SUPPLIED INFORMATION:
+-------+

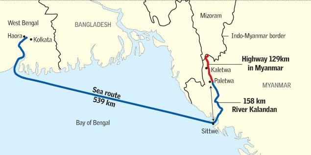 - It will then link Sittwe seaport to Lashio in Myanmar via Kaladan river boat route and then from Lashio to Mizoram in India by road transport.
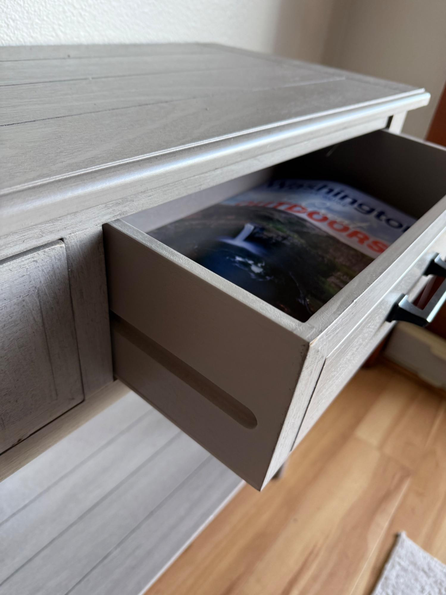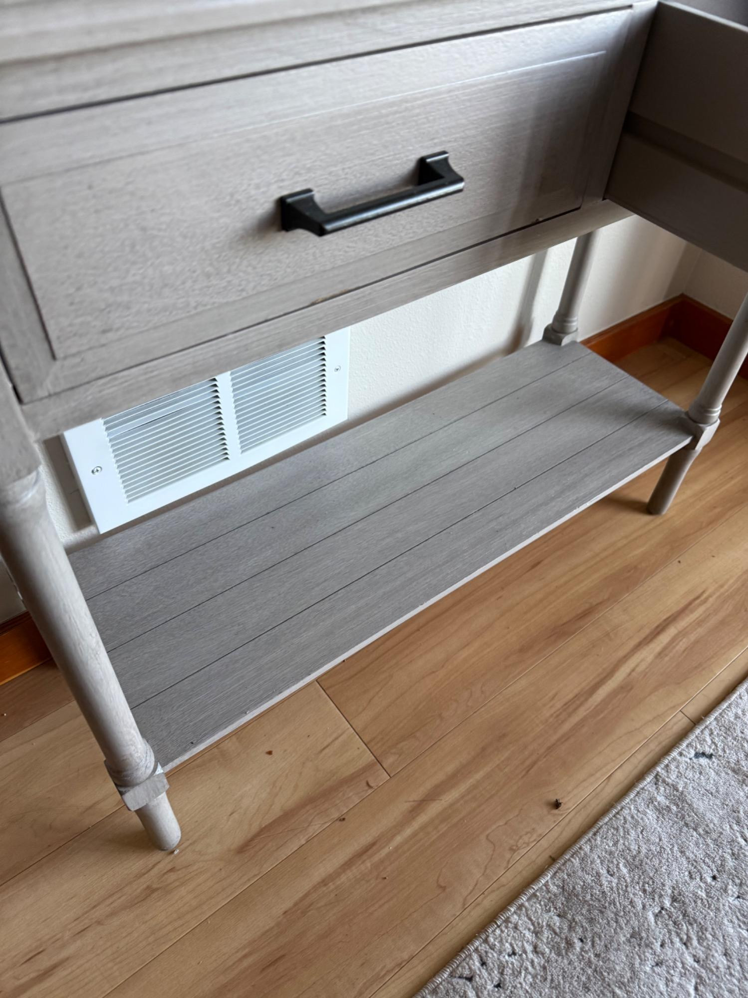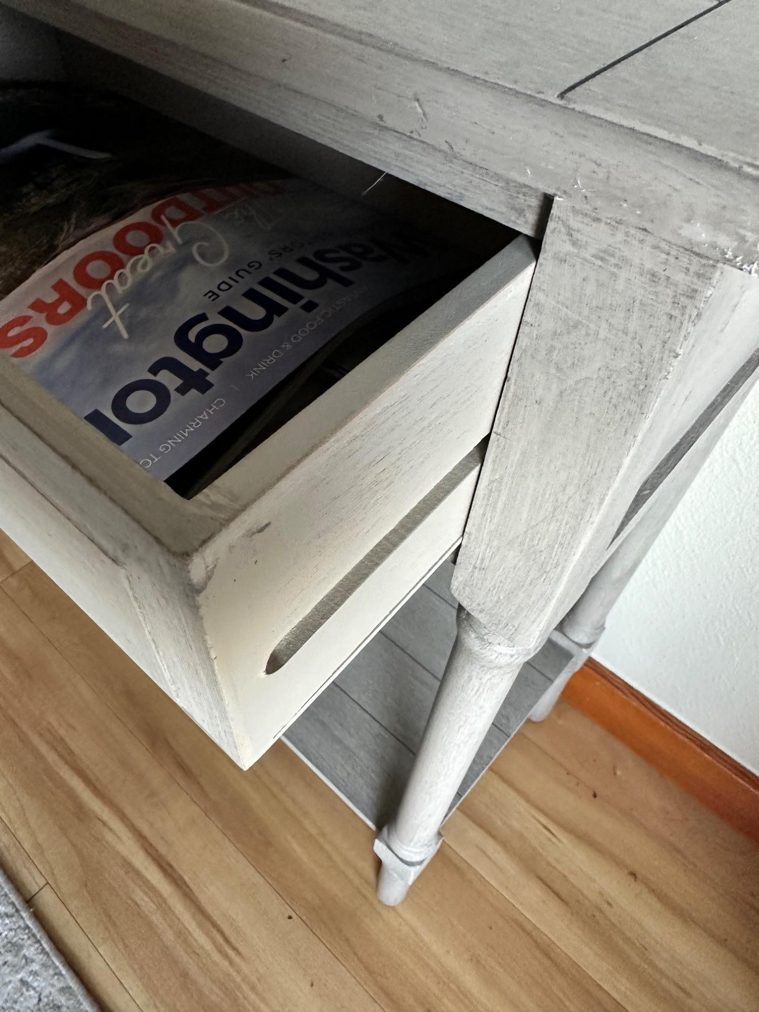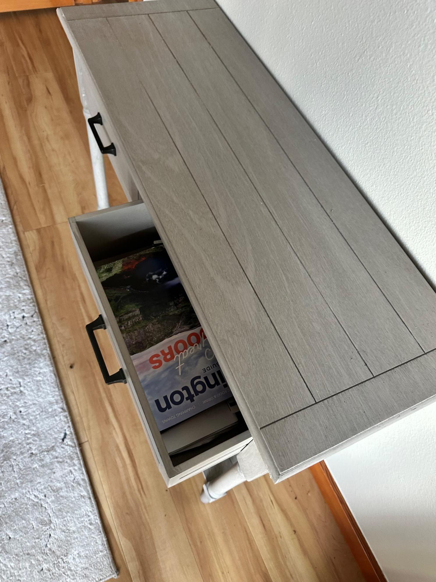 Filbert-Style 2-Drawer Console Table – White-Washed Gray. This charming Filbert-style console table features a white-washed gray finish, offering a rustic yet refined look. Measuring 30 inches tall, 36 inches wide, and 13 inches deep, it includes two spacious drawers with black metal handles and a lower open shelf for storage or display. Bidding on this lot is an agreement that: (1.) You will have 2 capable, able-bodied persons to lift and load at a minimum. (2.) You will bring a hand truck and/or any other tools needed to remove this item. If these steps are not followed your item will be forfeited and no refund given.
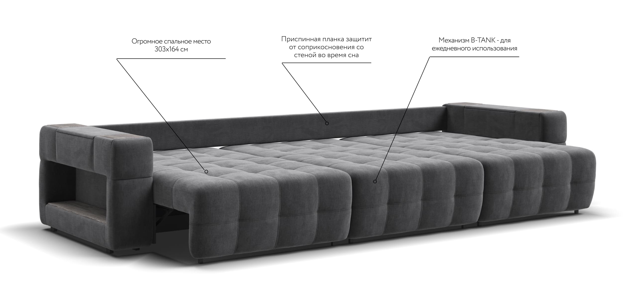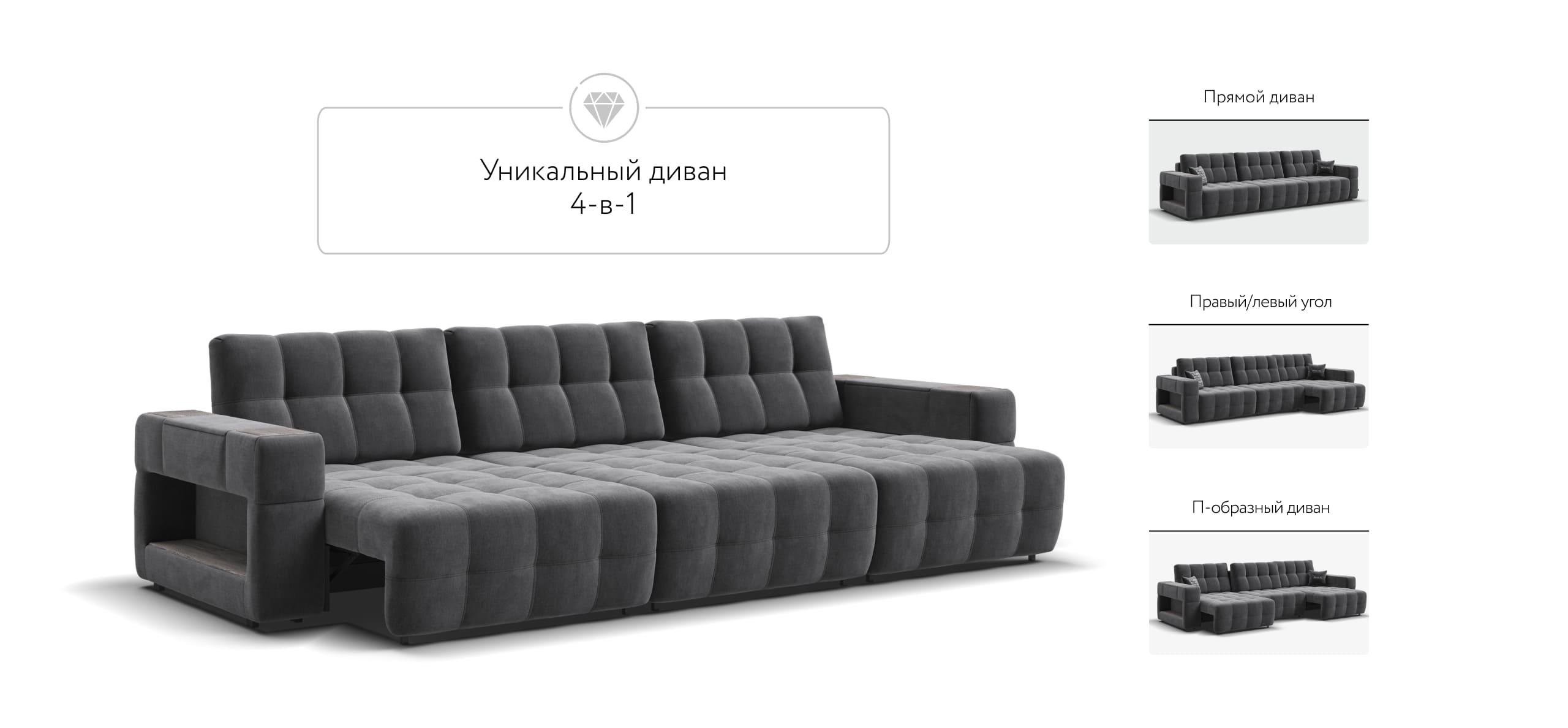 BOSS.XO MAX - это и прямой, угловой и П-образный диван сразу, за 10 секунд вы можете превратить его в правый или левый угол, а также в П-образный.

+-------+

ACTIVITY: For the material above, repeat each line exactly and leave out the pictures.

ANSWER FOR THIS EXERCISE:
 - It will then link Sittwe seaport to Lashio in Myanmar via Kaladan river boat route and then from Lashio to Mizoram in India by road transport.
 Filbert-Style 2-Drawer Console Table – White-Washed Gray. This charming Filbert-style console table features a white-washed gray finish, offering a rustic yet refined look. Measuring 30 inches tall, 36 inches wide, and 13 inches deep, it includes two spacious drawers with black metal handles and a lower open shelf for storage or display. Bidding on this lot is an agreement that: (1.) You will have 2 capable, able-bodied persons to lift and load at a minimum. (2.) You will bring a hand truck and/or any other tools needed to remove this item. If these steps are not followed your item will be forfeited and no refund given.
 BOSS.XO MAX - это и прямой, угловой и П-образный диван сразу, за 10 секунд вы можете превратить его в правый или левый угол, а также в П-образный.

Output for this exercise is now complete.